* [THE PROBLEM]:
In the records below, find the line that contains "收集17种精灵,合并精灵蛋孵化养成,让它们协助采集与建造;" and the line that contains "Description: White Gold". Set down exactly those lines and every line between them, and nothing more.

* [SOURCE INFORMATION]:
+++
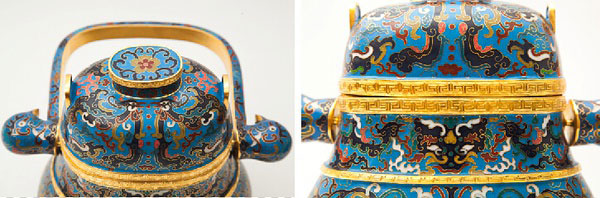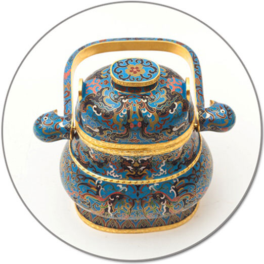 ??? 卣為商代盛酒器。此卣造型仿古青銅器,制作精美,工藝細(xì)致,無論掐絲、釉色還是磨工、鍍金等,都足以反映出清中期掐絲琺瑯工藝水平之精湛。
+++
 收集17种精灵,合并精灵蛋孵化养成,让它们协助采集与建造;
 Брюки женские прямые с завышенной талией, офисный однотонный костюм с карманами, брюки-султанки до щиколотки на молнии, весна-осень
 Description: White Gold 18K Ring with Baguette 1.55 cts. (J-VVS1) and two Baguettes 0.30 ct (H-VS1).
+++
* [WRITTEN ANSWER]:
 收集17种精灵,合并精灵蛋孵化养成,让它们协助采集与建造;
 Брюки женские прямые с завышенной талией, офисный однотонный костюм с карманами, брюки-султанки до щиколотки на молнии, весна-осень
 Description: White Gold 18K Ring with Baguette 1.55 cts. (J-VVS1) and two Baguettes 0.30 ct (H-VS1).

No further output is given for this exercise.